Ukraine: Situation Report, 10 Aug 2022 [EN/RU/UK]



  • Intense hostilities since the start of Russia’s war on Ukraine have left 17.7 million people in need of humanitarian aid, an increase of 2 million people compared to April.
  • Over the last week, hostilities caused additional destruction of vital infrastructure and imposed severe obstacles on civilians trying to evacuate from the east and the south.
  • Attacks reported near the largest nuclear power plant in Europe, in Zaporizka oblast, raise serious security concerns. IAEA continues its attempts to access the site.
  • Despite prevailing insecurity, the UN facilitated the delivery of a new humanitarian convoy close to the front line in Donetska oblast.
  • Humanitarians require US$4.3 billion to support millions of people caught up in an aggravating humanitarian crisis.

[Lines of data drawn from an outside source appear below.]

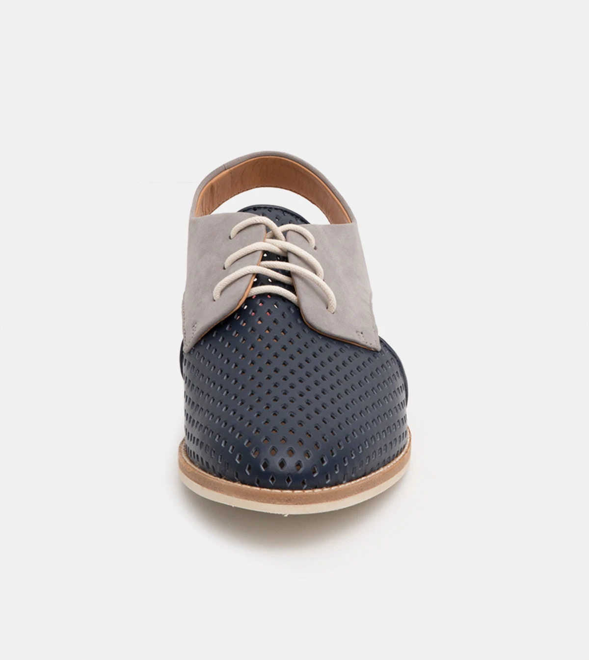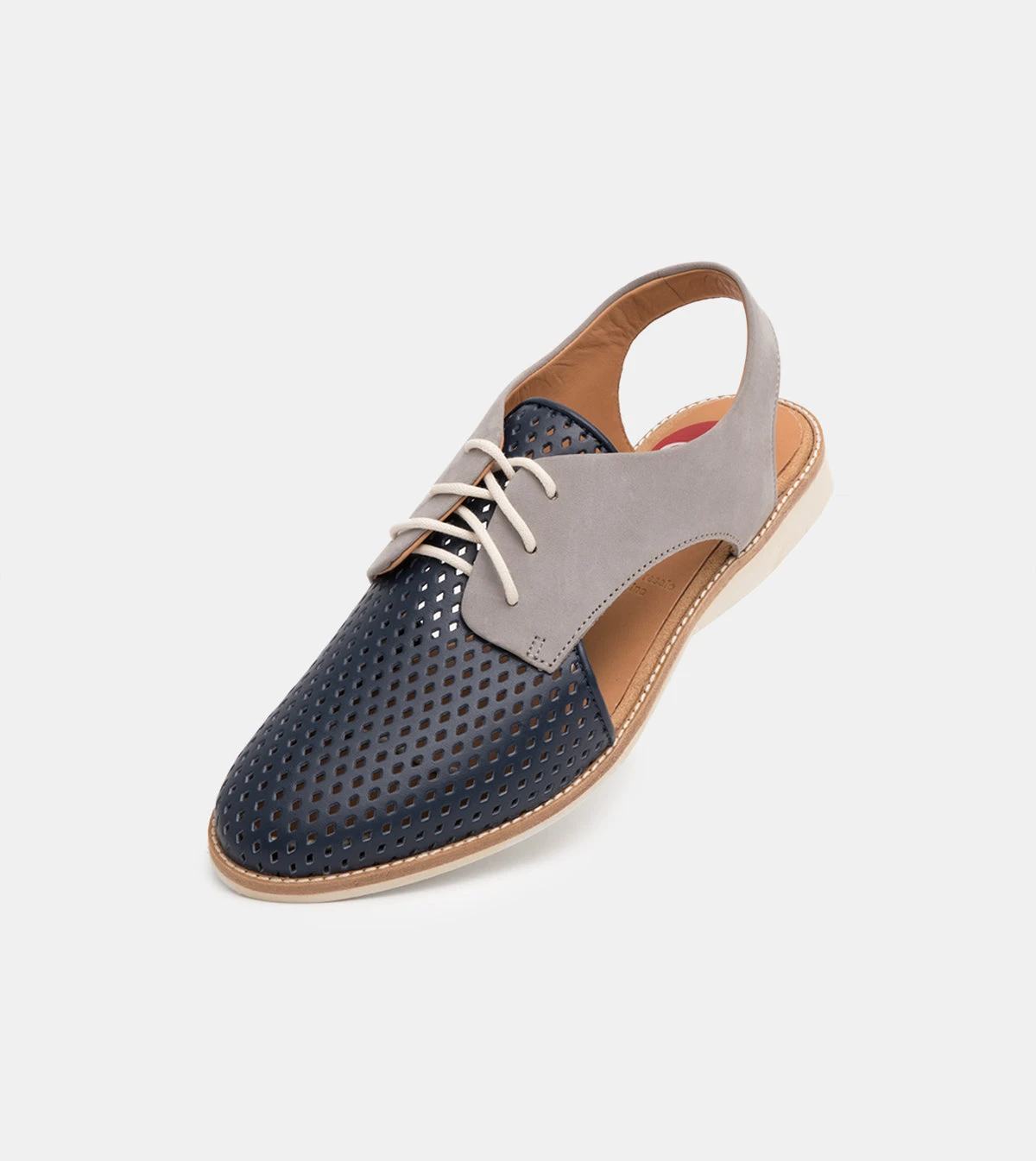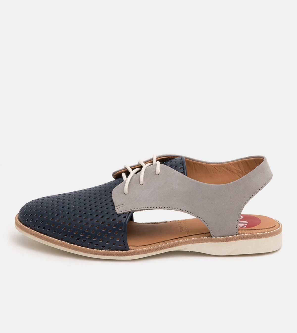 Need a new two tone shoe for the summer? Look no further than the Slingback Punch Navy/Grey! A nautical style bound to become a staple for your summer style. With a smooth leather upper, comfortable memory foam insoles and a light-weight EVA outsole, you’ll be travelling light whereever you go! Â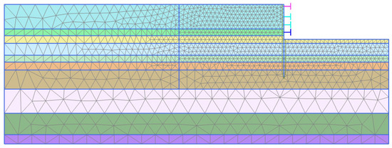 Combined with the engineering geology conditions and support parameters of case I, case II and case III, a series of numerical models with different excavation widths were carried out by Plaxis. A plane strain condition was assumed for the numerical analyses in this study. Figure 1 presents the basic model employed in this study. Considering the geometrical symmetry of the models, only half of the models were conducted for the following analysis. To reduce the influence of boundary effects, the distance from the left boundary to the retaining wall was 8H, and the distance from the bottom of the model to the excavation’s bottom was 3H. The left and right sides of the boundary were constrained horizontally, and the bottom boundary was restrained by both horizontal and vertical displacements. For each case, the excavation width B was taken as 1H, 2H, 3H, 4H, 5H, 6H, 7H, 8H, 9H and 10H. In total, 30 numerical models were utilized. The analysis processes of case I, case II and case III are shown in Figure 1. The diaphragm walls were assumed to be linear elastic, and bar elements were used for the struts. The soil was modeled by 15-noded triangular elements. Meshing of the typical model is shown in Figure 2. The bottom of the model was constrained from moving both horizontally and vertically, the left and right sides of the model were constrained from horizontal displacement, and the top of the model is a free boundary. Plastic calculation was selected during the analysis, which do not need to take the change in pore pressure with time into account.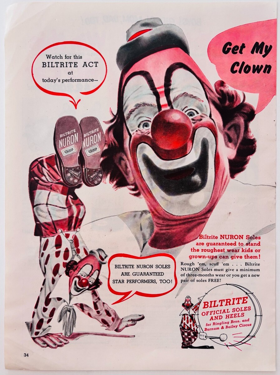 1953 Biltrite Advertisement Lou Jacobs Ringling Brothers Circus Clown Mask F15S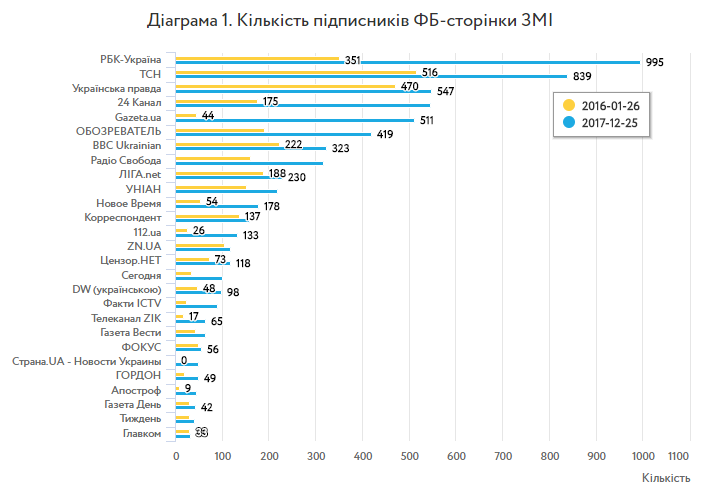 Ми дослідили, як змінювалася кількість фейсбук-підписників у 20 великих україньских ЗМІ.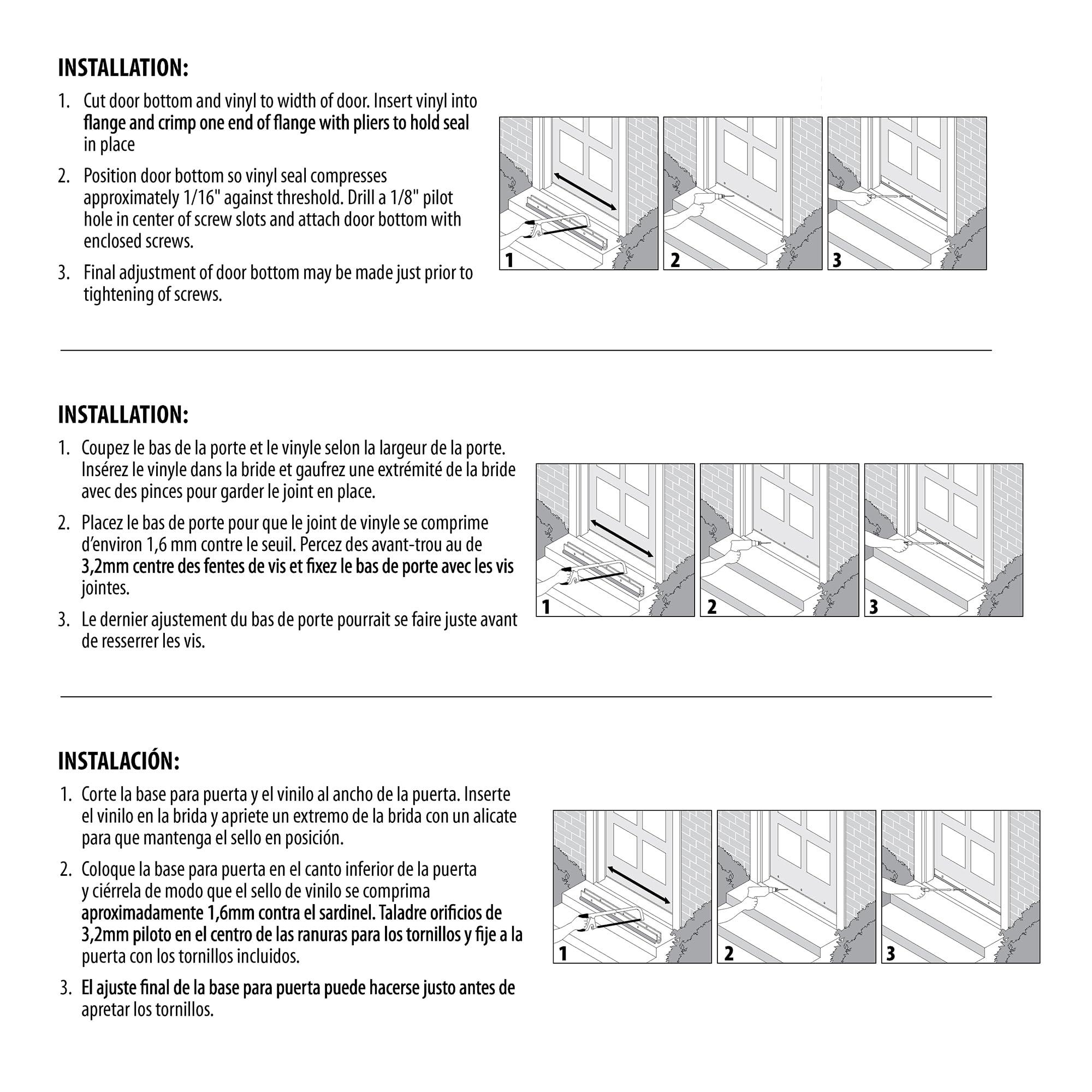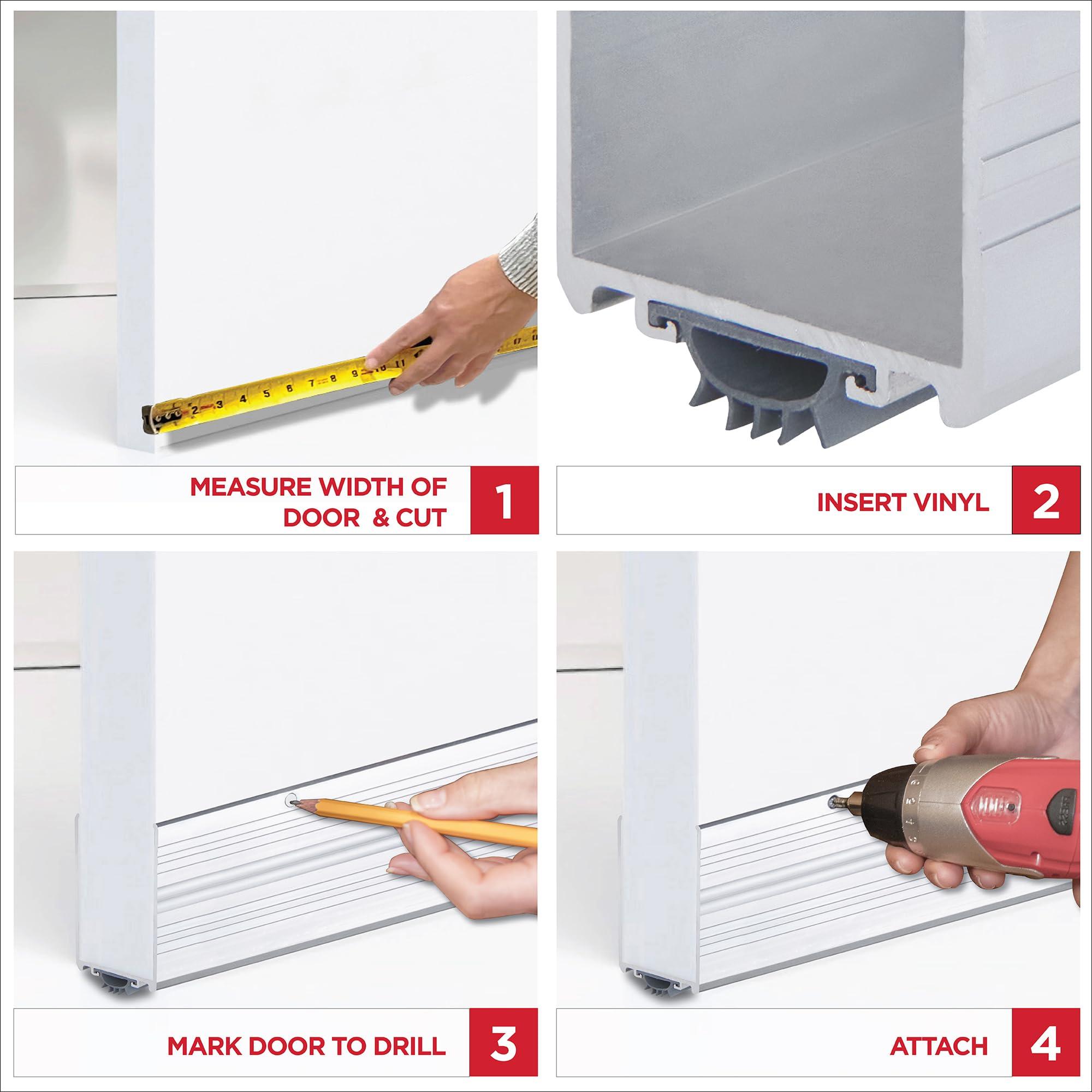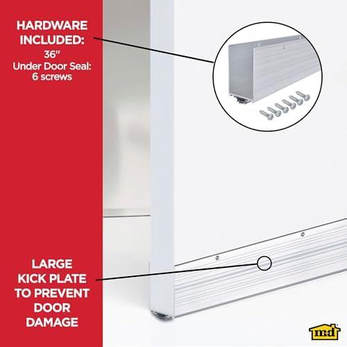 - Comprehensive Door Compatibility: The Aluminum and Vinyl U-Shape Screw-on Under Door Seal with Kick Plate is engineered to fit around a standard 1-3/4 in. thick exterior door, including wood, metal, and fiberglass. Its versatile design ensures the Kick plate protects the door from damage creating a perfect seal for exterior doors, making it an ideal solution for both residential and commercial spaces. By effectively blocking drafts and reducing energy loss, the replaceable vinyl seal enhances indoor comfort, creating a quieter, cleaner, and more energy-efficient environment for any setting.

General security and humanitarian situation

Intense hostilities since the start of Russia’s invasion on 24 February have left at least 17.7 million people in need of humanitarian assistance and protection across Ukraine, an increase of around 2 million people compared to April. Sustained fighting and hostilities continue to cause the destruction of critical infrastructure and seriously impact civilians in Ukraine, adding to an already unprecedented humanitarian crisis. Over the last week, insecurity and attacks have also hampered civilian evacuations in the east and the south, raising serious concerns about the security of the Zaporizhzhia Nuclear Power Plant (ZNPP), located in areas under the control of the Russian Federation forces and affiliated groups.

The fiercest fighting and harshest impacts on civilians continued to take place in the east. More than 120 civilians have reportedly been killed or injured in Donetska and Luhanska oblasts over the weekend, according to local authorities and Non-Government-controlled areas entities. Most casualties were reported in Donetska oblast, along and on both sides of the front line. Hostilities also caused additional damages to civilian infrastructure, including houses, health-care and educational facilities, as well as utility infrastructure, according to information gathered by humanitarians. In Donestka oblast, the situation with the water supply remains critical. At the same time, the Government-controlled city of Mykolaiv in the southern Mykolaivska oblast also reportedly continued to suffer daily shelling and rocket attacks. Intense shelling reportedly injured more than 20 people, including a child, and damaged 20 houses and five multi-storey buildings in the city, on 5 August alone, according to local authorities.

Attacks reported on 5 and 6 August in the vicinity of Zaporizhzhia Nuclear Power Plant (ZNPP), located in non-Government-controlled areas of the south-east Zaporizka oblast, prompted Director General of the International Atomic Energy Agency (IAEA) Rafael Mariano Grossi to issue a statement expressing concern and stressing the crucial importance that the Agency can send a mission of nuclear safety, security and safeguards experts to the site as soon as possible. The plant’s Ukrainian operator, Energoatom, reported that one attack had forced the shutdown of one of three operating reactors, that there had been physical damage to some plant infrastructure, and that the overall situation remained dangerous. Mr. Grossi said the events had breached several nuclear safety and security pillars. He also received the strong backing of the UN Secretary-General António Guterres, who – speaking on 8 August in Japan to commemorate the 77th anniversary of the world’s first atomic bombing in Hiroshima – described any attack on a nuclear plant as “suicidal.”

Attacks have also affected civilian evacuations and impacted the city of Nikopol, in central Dnipropetrovska oblast and just across the Dnipro river from Zaporizhzhia NPP, according to humanitarian security reports. On 10 August, authorities reported that a total of 13 people had been killed and 11 injured as the result of overnight rocket attacks impacting 2 settlements in the Nikopolskyi district – especially the city of Marhanets, where 12 of the people were reported to have died and 9 been injured. The shelling also reportedly caused significant damage to civilian infrastructure – including two schools and a dormitory – and cut off the gas supply to at least 1,000 residents. Elsewhere, reported missile attacks impacted the central-western Vinnytska oblast on 7 August and central Cherkaska oblast on 8 August, both of which have been less directly affected by the war.